Хорошие парни ушли, бормоча через плечо искренние извинения, но не передо мной. Они извинялись перед мистером Уорнером. Я лежала на земле. Подросток. Я ничего не значила.
— Ничего страшного, — сказал мистер Уорнер. — Потом поговорим, — добавил он.
Он не дал мужчине, который ударил меня, продолжить, так что, полагаю, мне следовало поблагодарить мистера Уорнера, но я не стала. Я подползала к одеялу, которое уронила. Казалось, во дворе только оно способно предложить защиту.
Мистер Толливер и его друг, похоже, хотели взять дом приступом и отыскать мою мать, но не в силах были тягаться с законом, который изложил мистер Уорнер, к тому же, полагаю, их мог испугать вид подростка в обрезанных джинсах и футболке, лежащего на земле. Мой вид вызывал вопрос, который никто не собирался задавать. Мистер Уорнер велел им протрезветь и поесть.
— Отправляйтесь домой, к женам, — приказал он.
Весенними вечерами темнеет поздно, но день уже достиг той точки, в которой темнота становится неминуемой, и солнце начало опускаться в строй елей, отделявший наш двор от двора Левертонов.
Я дотянулась до одеяла и села, прижав его к груди.

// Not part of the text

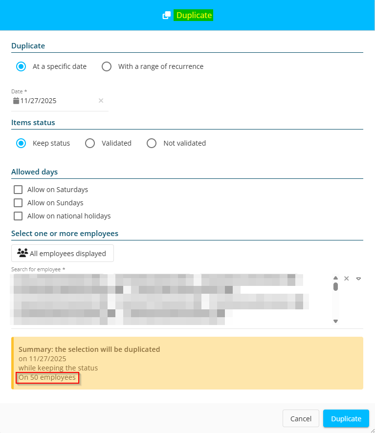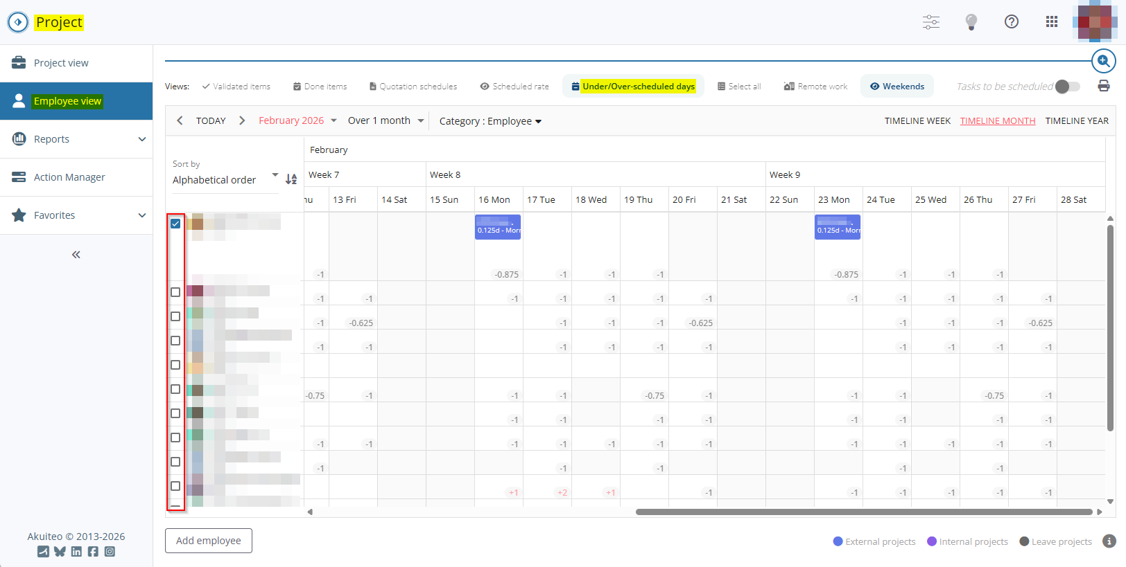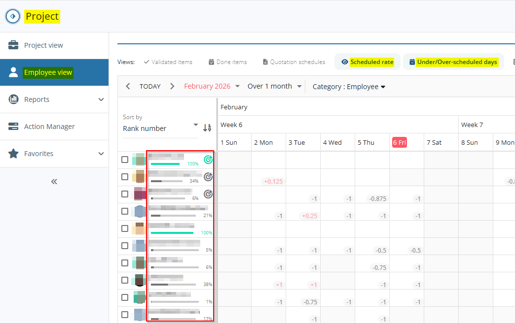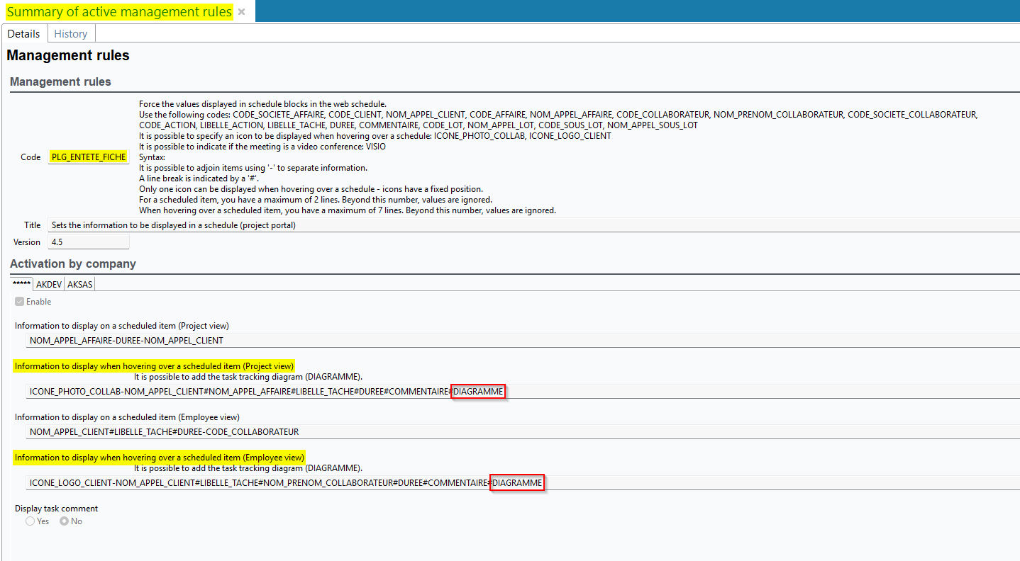 | Portail project | Indicateur Depassement de Plg | See release note Employee view: Under/over-scheduling indicators as percentages. | 5.15.0 |
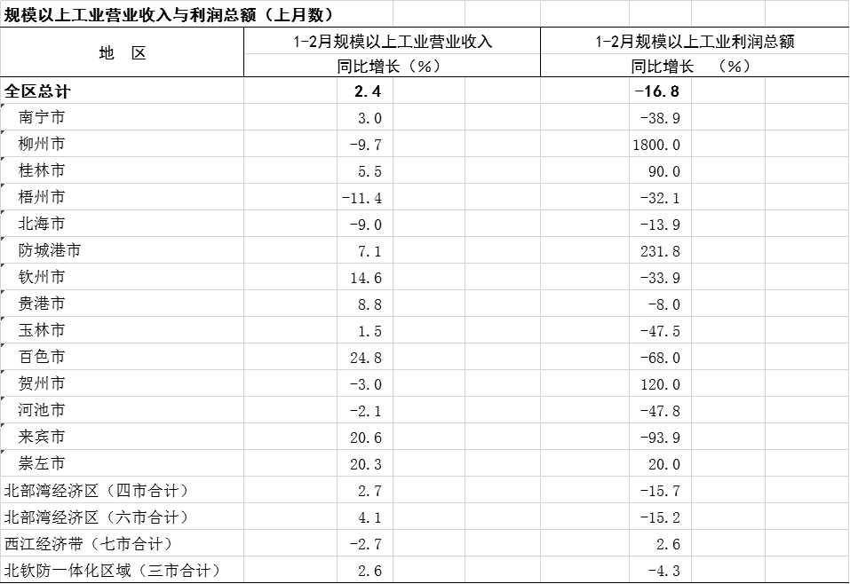 2023年1-3月广西分市分区域规模以上工业营业收入与利润总额(上月数)

«Ни за что не заплачу!» — обещала я себе, несмотря на боль в щеке.
Самое странное, что раздавленная отцовская петрушка казалась мне большим горем, чем пощечина. Она была одной из тех радостей, что он приносил в дом для матери. Когда он срезал розмарин, душицу или чабрец, запах оставался на его пальцах, и он проводил ими по волосам матери, чтобы заставить ее улыбаться.
— Скажи отцу, — произнес мистер Уорнер, возвышаясь надо мной, — что все соседи пришли к консенсусу: ваша семья должна переехать.